**What you have to do**
Return the entries below word for word; no images should appear in the copy.

**Records shown**
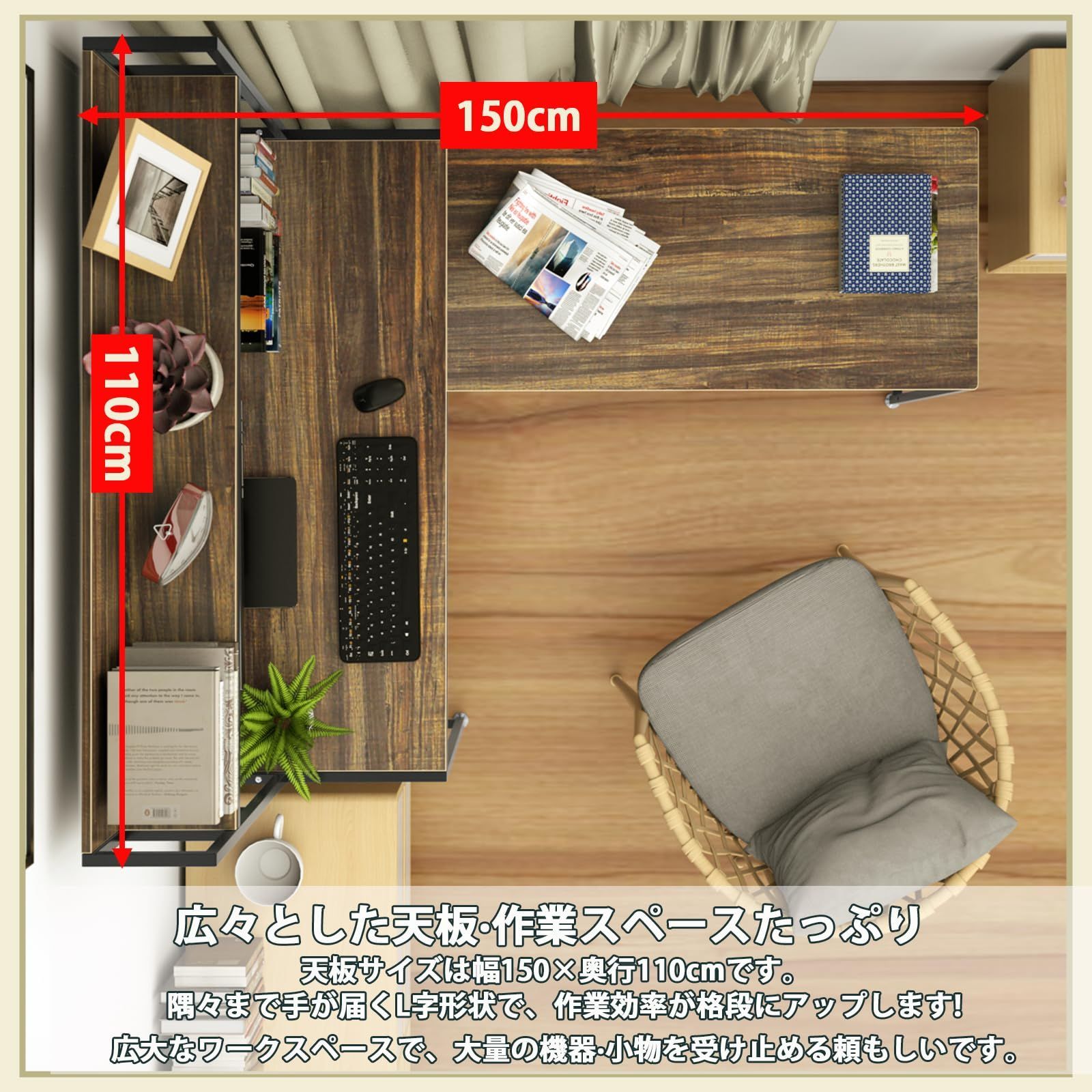 数量 幅150 cm パソコンデスク ラック付きデスク 左右入替 ワークデスク pcデスク テレワーク用 コーナーデスク L字型 机 ゲーミングデスク モニターアーム対応 勉強机 収納ラック付き 学習机 オフィスデスク 木製 l字デスク メラミン加工
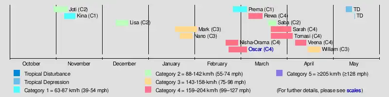 | Oscar | February 23 – March 6 | Category 4 severe tropical cyclone | 185 km/h (115 mph) | 920 hPa (27.17 inHg) | Fiji | $130 million | 9 | [16] |
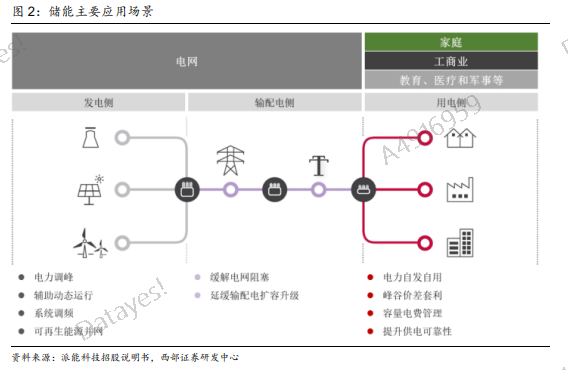 2.按照储能的应用场景分,从整个电力系统的角度看,可以分为发电侧储能、输配电侧储能和用电侧储能三大场景。
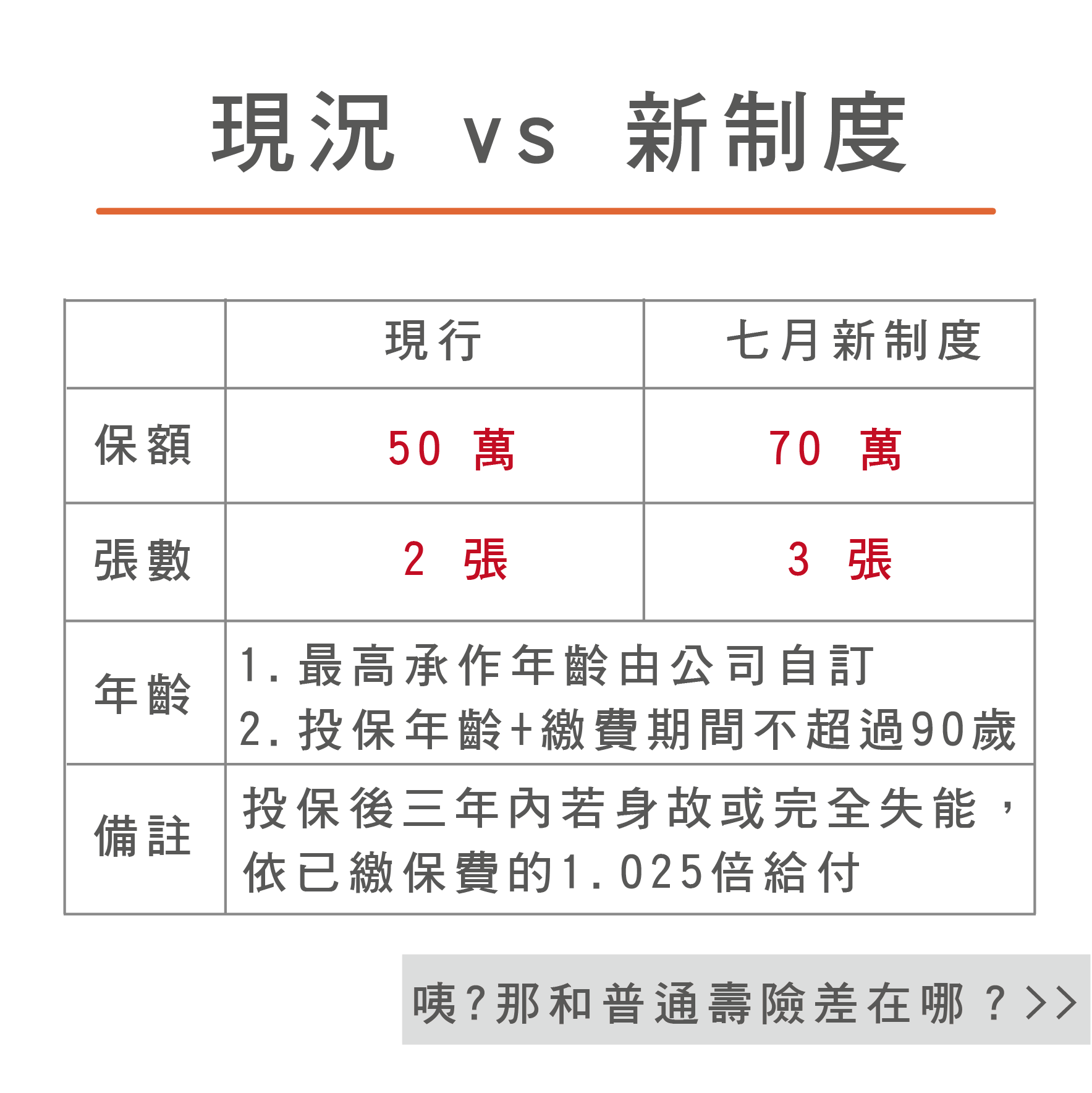 比較不同的地方是,一般保險公司常見的壽險是投保後,就立即享有和保額相同的壽險保障。而小額終老保險若在投保後的三年內身故或完全失能,是領回已繳保費的1.025倍,第四年起才會享有和保額相同的壽險保障。
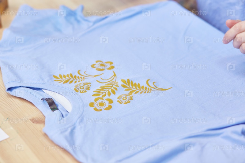 Рисунок на синей футболке. Ручная печать акриловыми красками
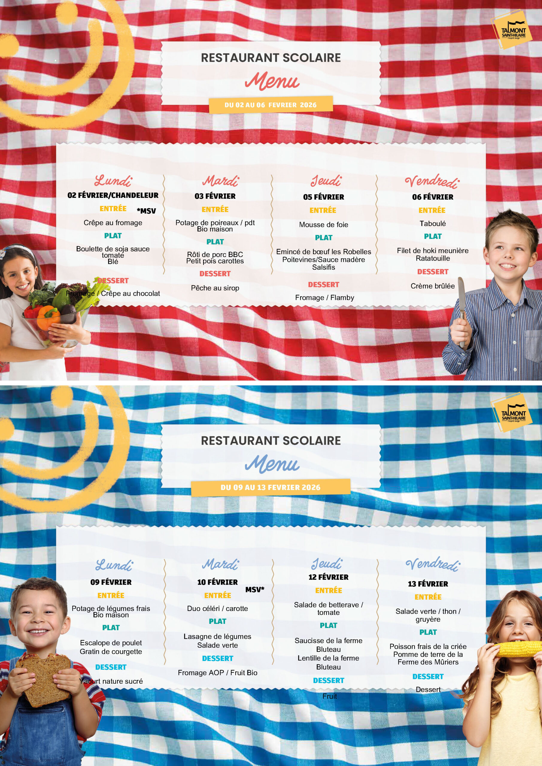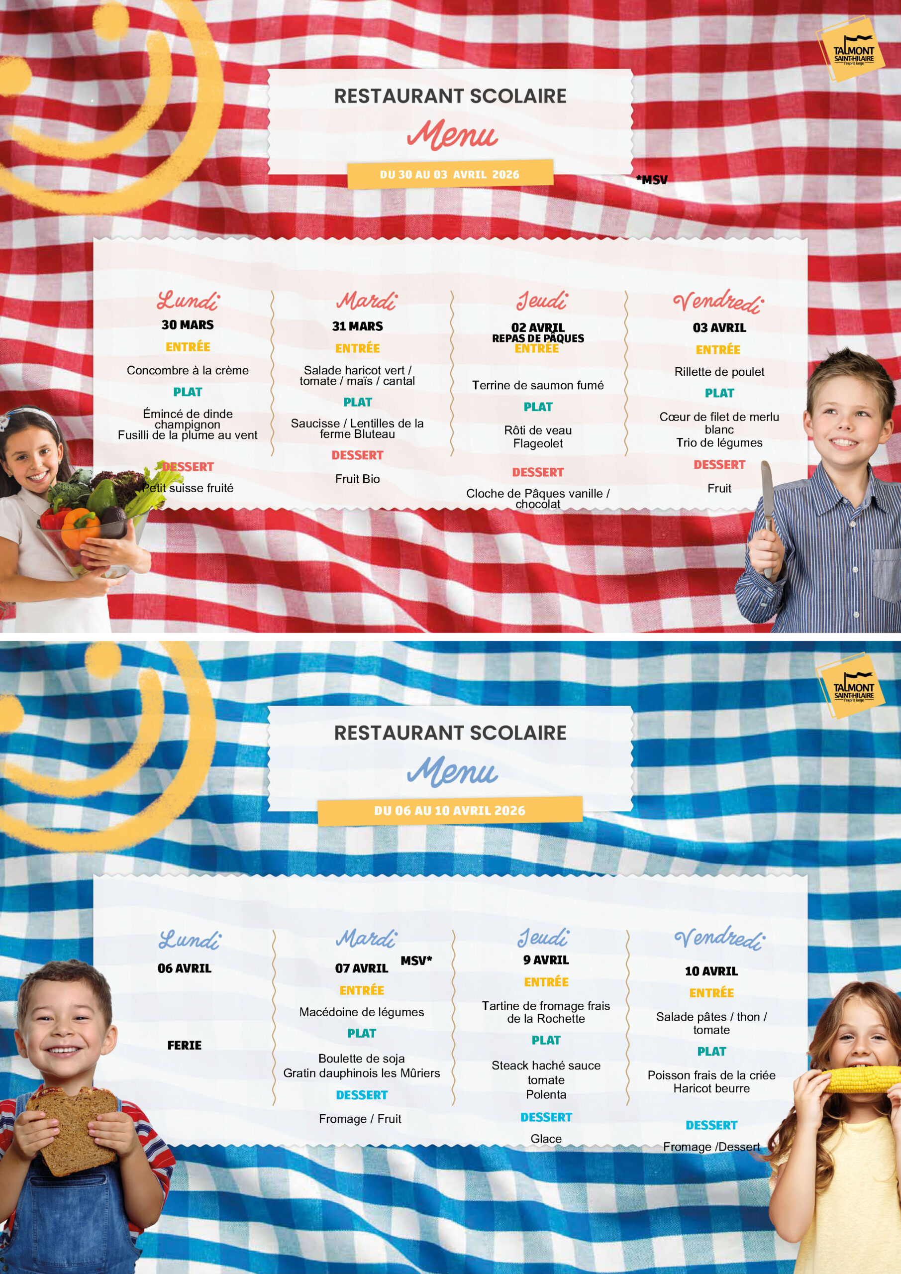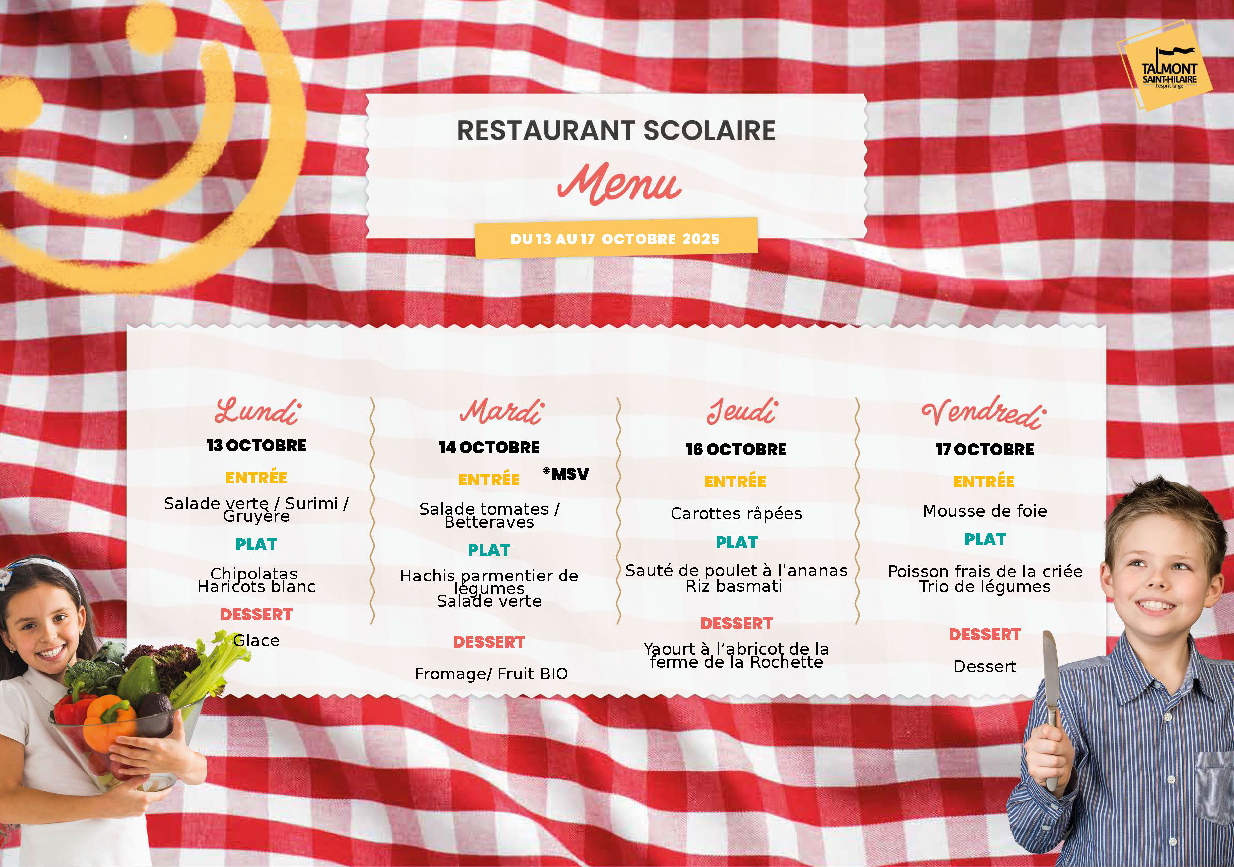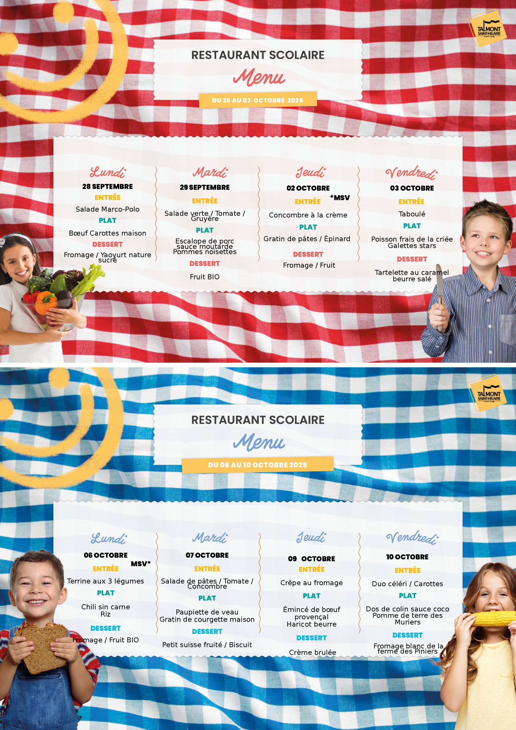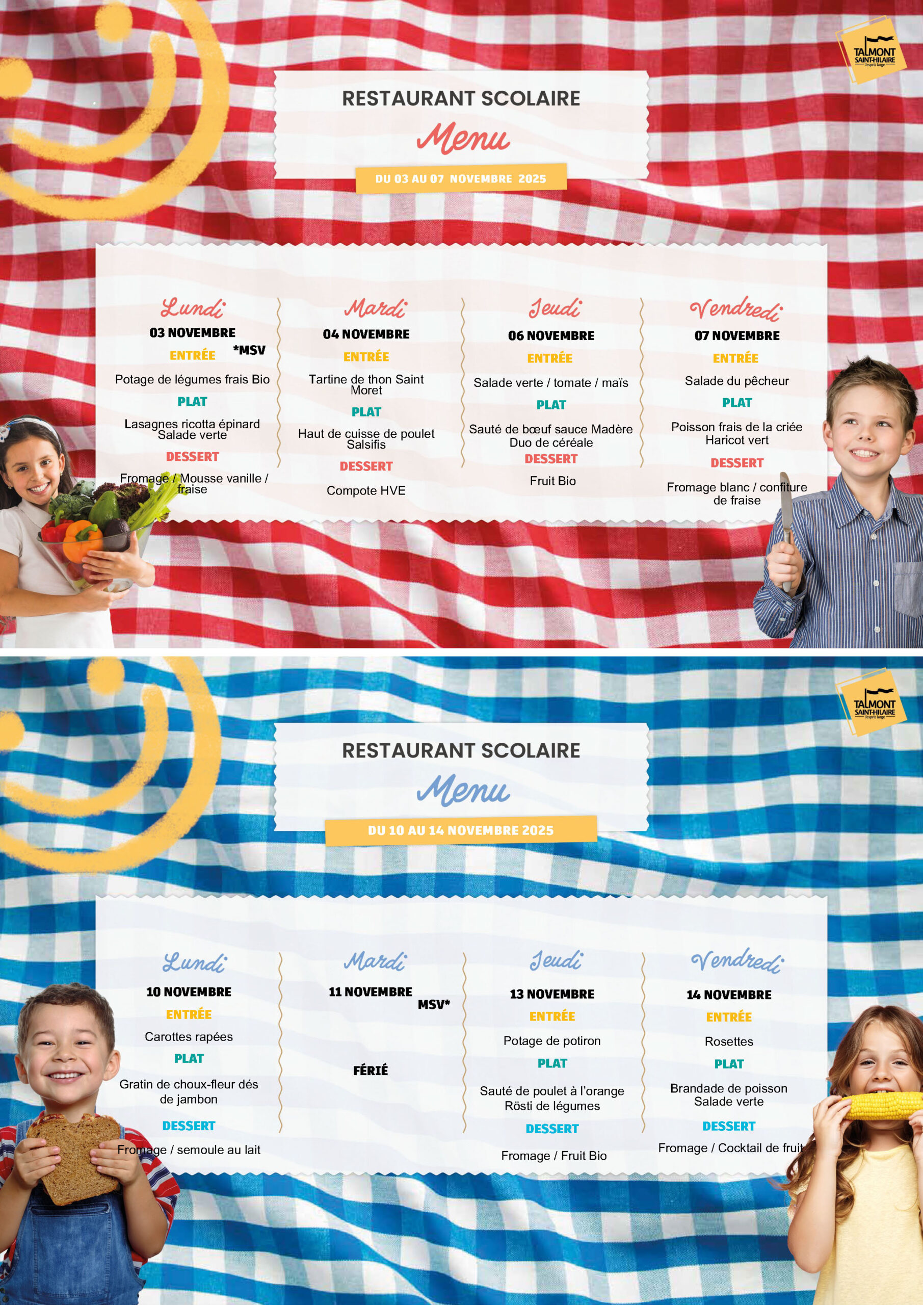 Accueil » Vivre à Talmont » Enfance/Jeunesse » Vie scolaire » Restaurant scolaire » Menus
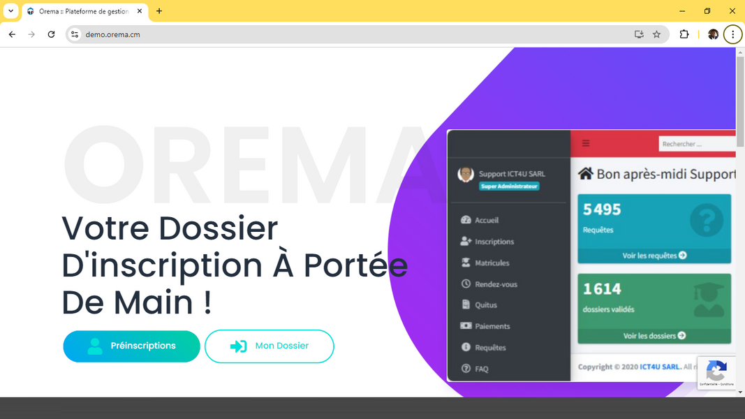 Orema est une solution logicielle web innovante développée par ICu SARL, conçue pour transformer le processus d'admission des étudiants en une expérience fluide et contrôlée. Avec Orema, les établissements d'enseignement supérieur peuvent personnaliser les frais de scolarité selon différents critères, assurant ainsi une gestion financière précise et adaptée à leur structure. De plus, la plateforme intègre une fonctionnalité de communication par SMS, permettant une interaction directe et instantanée avec les étudiants. Orema se distingue par sa simplicité d'utilisation, son interface intuitive et ses mesures de sécurité robustes, rendant la gestion des admissions accessible depuis n'importe quel appareil connecté à Internet. Cette plateforme représente un pas en avant vers la digitalisation des processus éducatifs, en mettant l'accent sur l'accessibilité et l'efficacité.
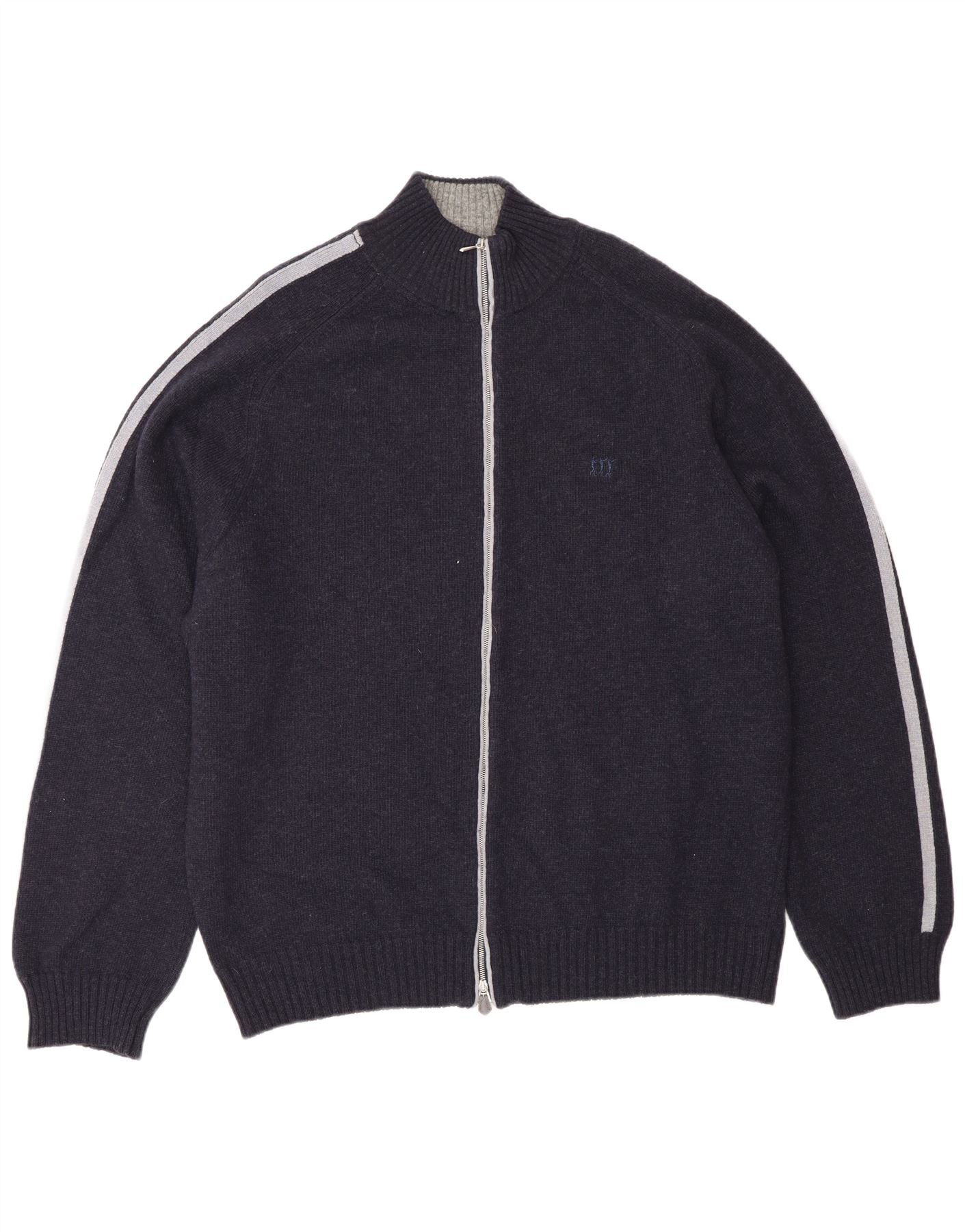 - KI-Beschreibung: Dieser Herren-Cardigan von Henry Cottons ist zu 100 Prozent aus reiner Schurwolle gefertigt und bietet eine luxuriöse Strickstruktur. Es hat einen satten Marineblauton mit markanten grauen Streifen entlang der langen Ärmel. Der Kragenausschnitt und der durchgehende Reißverschluss sorgen für einen klassischen, vielseitigen Look. Eine reguläre Passform sorgt für angenehmen Tragekomfort. Dieses Stück kombiniert Wärme mit raffiniertem Stil und eignet sich perfekt für den Lagenlook.
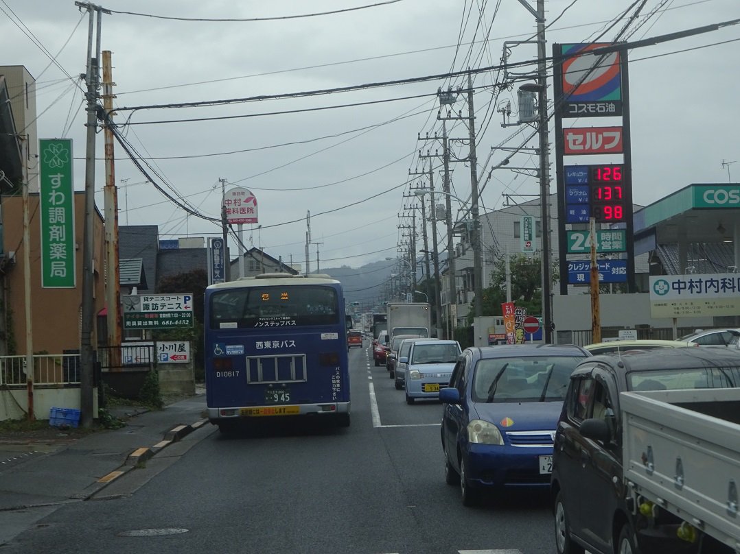 尚、反対向きは高尾、陣馬両街道共に延々 と渋滞。特に後者の上り(八王子駅方面)は 両者の交わる四谷町から大楽寺町まで1.5㎞ 四谷町自体も高尾街道から駅方面へ進入 できない程に先詰ってた事から察するに、 恐らくR20追分町まで更に4㎞、計6㎞弱 の大渋滞だった模様。路線バス乙…pic.twitter.com/zugDsanG1U

**Response below**
 数量 幅150 cm パソコンデスク ラック付きデスク 左右入替 ワークデスク pcデスク テレワーク用 コーナーデスク L字型 机 ゲーミングデスク モニターアーム対応 勉強机 収納ラック付き 学習机 オフィスデスク 木製 l字デスク メラミン加工
 | Oscar | February 23 – March 6 | Category 4 severe tropical cyclone | 185 km/h (115 mph) | 920 hPa (27.17 inHg) | Fiji | $130 million | 9 | [16] |
 2.按照储能的应用场景分,从整个电力系统的角度看,可以分为发电侧储能、输配电侧储能和用电侧储能三大场景。
 比較不同的地方是,一般保險公司常見的壽險是投保後,就立即享有和保額相同的壽險保障。而小額終老保險若在投保後的三年內身故或完全失能,是領回已繳保費的1.025倍,第四年起才會享有和保額相同的壽險保障。
 Рисунок на синей футболке. Ручная печать акриловыми красками
 Accueil » Vivre à Talmont » Enfance/Jeunesse » Vie scolaire » Restaurant scolaire » Menus
 Orema est une solution logicielle web innovante développée par ICu SARL, conçue pour transformer le processus d'admission des étudiants en une expérience fluide et contrôlée. Avec Orema, les établissements d'enseignement supérieur peuvent personnaliser les frais de scolarité selon différents critères, assurant ainsi une gestion financière précise et adaptée à leur structure. De plus, la plateforme intègre une fonctionnalité de communication par SMS, permettant une interaction directe et instantanée avec les étudiants. Orema se distingue par sa simplicité d'utilisation, son interface intuitive et ses mesures de sécurité robustes, rendant la gestion des admissions accessible depuis n'importe quel appareil connecté à Internet. Cette plateforme représente un pas en avant vers la digitalisation des processus éducatifs, en mettant l'accent sur l'accessibilité et l'efficacité.
 - KI-Beschreibung: Dieser Herren-Cardigan von Henry Cottons ist zu 100 Prozent aus reiner Schurwolle gefertigt und bietet eine luxuriöse Strickstruktur. Es hat einen satten Marineblauton mit markanten grauen Streifen entlang der langen Ärmel. Der Kragenausschnitt und der durchgehende Reißverschluss sorgen für einen klassischen, vielseitigen Look. Eine reguläre Passform sorgt für angenehmen Tragekomfort. Dieses Stück kombiniert Wärme mit raffiniertem Stil und eignet sich perfekt für den Lagenlook.
 尚、反対向きは高尾、陣馬両街道共に延々 と渋滞。特に後者の上り(八王子駅方面)は 両者の交わる四谷町から大楽寺町まで1.5㎞ 四谷町自体も高尾街道から駅方面へ進入 できない程に先詰ってた事から察するに、 恐らくR20追分町まで更に4㎞、計6㎞弱 の大渋滞だった模様。路線バス乙…pic.twitter.com/zugDsanG1U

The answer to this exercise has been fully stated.